19 of 160 comments (clear)

  1. Re:that's just stupid by CheShACat · · Score: 3, Interesting

    All true, but you can't deny that this is a pretty cool tactile feedback mechanism! More of these great ideas please!

  2. Toy by peipas · · Score: 3, Interesting

    It sounds fun, but I don't understand how shaking a phone is functionally superior to simply looking at the screen to gauge battery life or messages. Not to mention shaking your expensive mobile device around may not be the smartest idea. Flying wiimotes, anyone?

    1. Re:Toy by Scutter · · Score: 4, Interesting

      It sounds fun, but I don't understand how shaking a phone is functionally superior to simply looking at the screen to gauge battery life or messages.

      You're new here, aren't you?

      Show me anything in the world that a geek won't want to tinker with and hack in odd ways.

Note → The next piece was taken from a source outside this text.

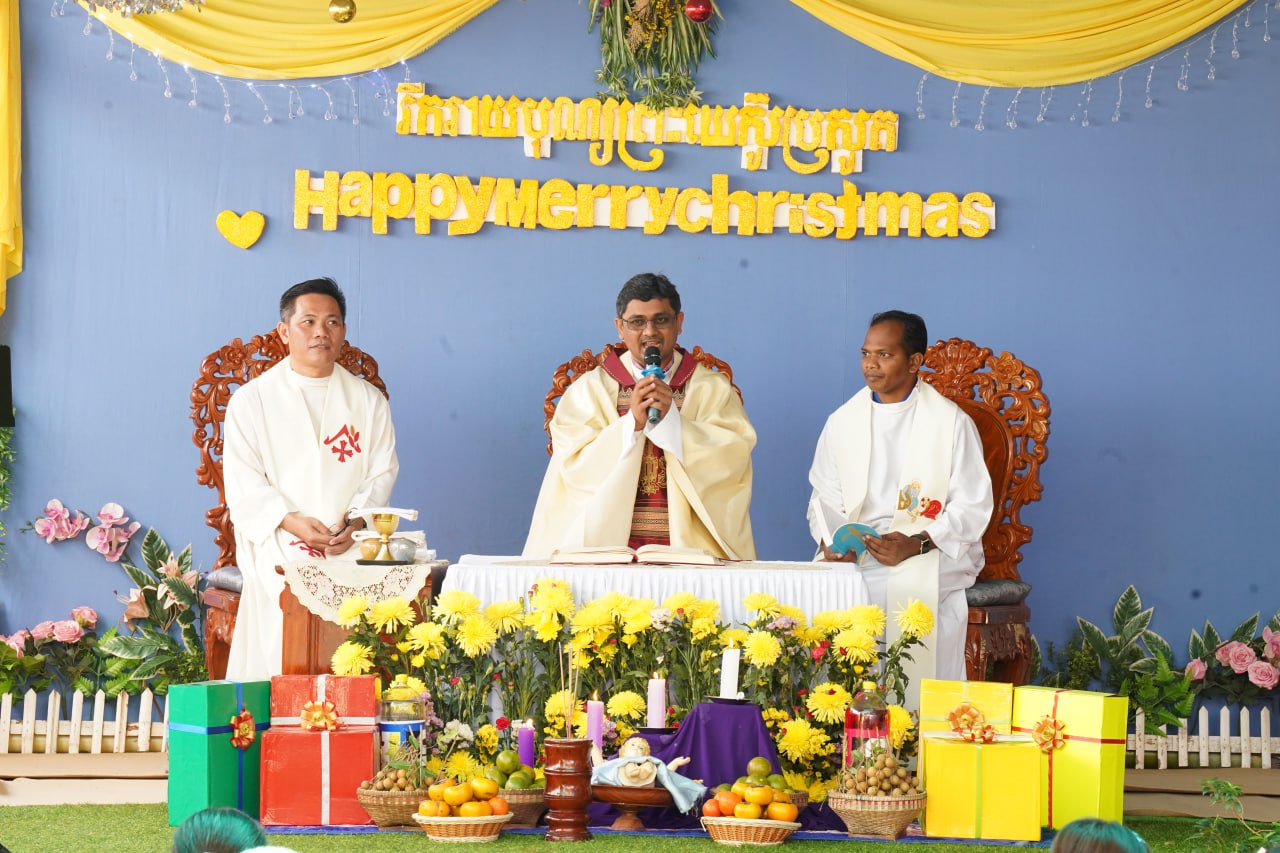 Fr Herman celebrating Christmas in Church in Phnom Penh

It's this kind of thing that will eventually lead to Star Trek tech. It takes a hundred or a thousand "useless little hacks" to filter out the one gem that will be the killer hack. And sometimes, you can take a piece of one useless hack and a piece of another useless hack and put them together to make something awesome.

      Yes, this may not be the most useful modification in the world, but think of what it could lead to...

      --

      "Tell me doctor, with all of your defenses, are there any provisions for an attack by killer bees?"
    2. Re:Toy by enjo13 · · Score: 4, Insightful

      It's incredibly useful really.

      The battery indicator on your screen is passive. It just sits there (largely unnoticed) until your critically low on battery and then it beeps at you incessantly. By adding a physical element to the indicator you provide an ongoing battery status (in a very easy to understand metaphor no less) that is much more difficult to ignore.

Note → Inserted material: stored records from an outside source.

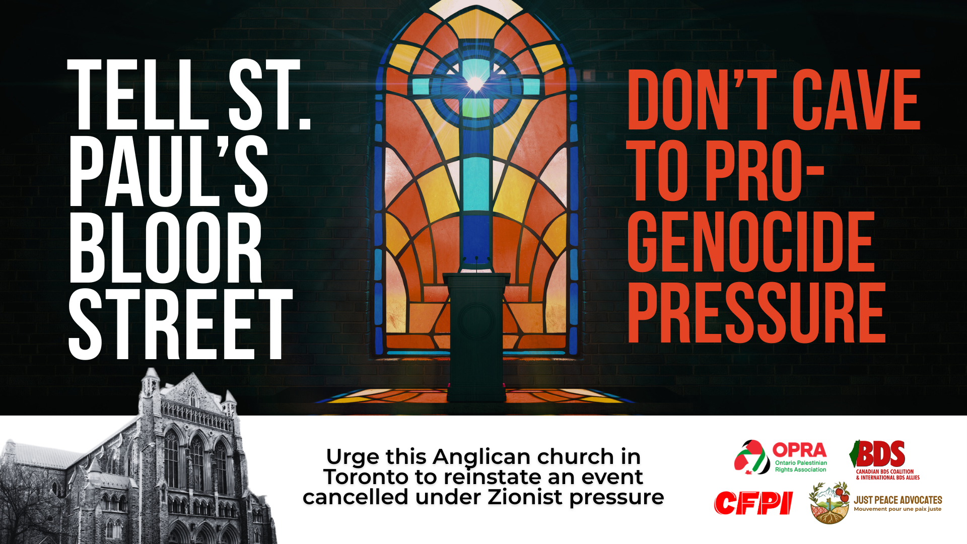 Following pressure from Zionist groups, St. Paul’s Bloor Street Anglican has cancelled a scheduled NDP leadership campaign event in Toronto featuring Yves Engler, Rabbi David Mivasair, University of Toronto student organizer Sara Rasikh, and former Canadian Union of Postal Workers President Mike Palecek. Disturbingly, news of the cancellation was first shared with an extremist anti-Palestinian group before being communicated to the event organizers.
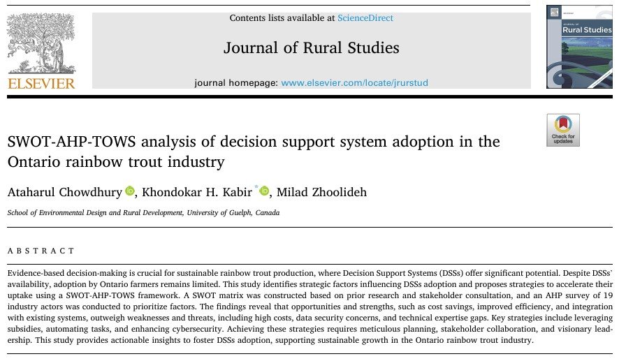Chowdhury, A., Kabir, K.H., & Zhoolideh, M. (2026). SWOT-AHP-TOWS analysis of decision support system adoption in the Ontario rainbow trout industry. Journal of Rural Studies, 123, 104040.
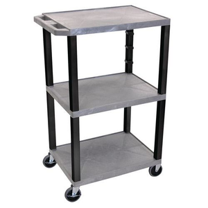 Wagen van gerecycled kunststof, Max. belasting: 180 kg, Totale hoogte: 1080 mm, Totale breedte: 460 mm, Totale lengte: 610 mm, Aantal plateaus: 3, Model: Luxor, Kleur: Grijs, Hoogte bovenste/onderste plateau: 420 mm, Gewicht: 13 kg

      It is a very similar concept to the gestures used to control the iPhone. The trend in computing right now is to create interfaces that much more closely mimic physical experience. This has proven to greatly increase our ability to interact in meaningful ways with our machines. This is just another example of that.

      Really it wins on two points: 1) It's a useful piece of tech. and 2) it's an insanely cool hack.

      --
      Turn s60 photos into awesome videos with mScrapbook for all S60 3rd edition phones!
    3. Re:Toy by MrNemesis · · Score: 4, Insightful

      I have to wonder though, why bother with a physical interface at all?

      The battery indicator on your screen is passive. It just sits there (largely unnoticed) until your critically low on battery and then it beeps at you incessantly. By adding a physical element to the indicator you provide an ongoing battery status (in a very easy to understand metaphor no less) that is much more difficult to ignore.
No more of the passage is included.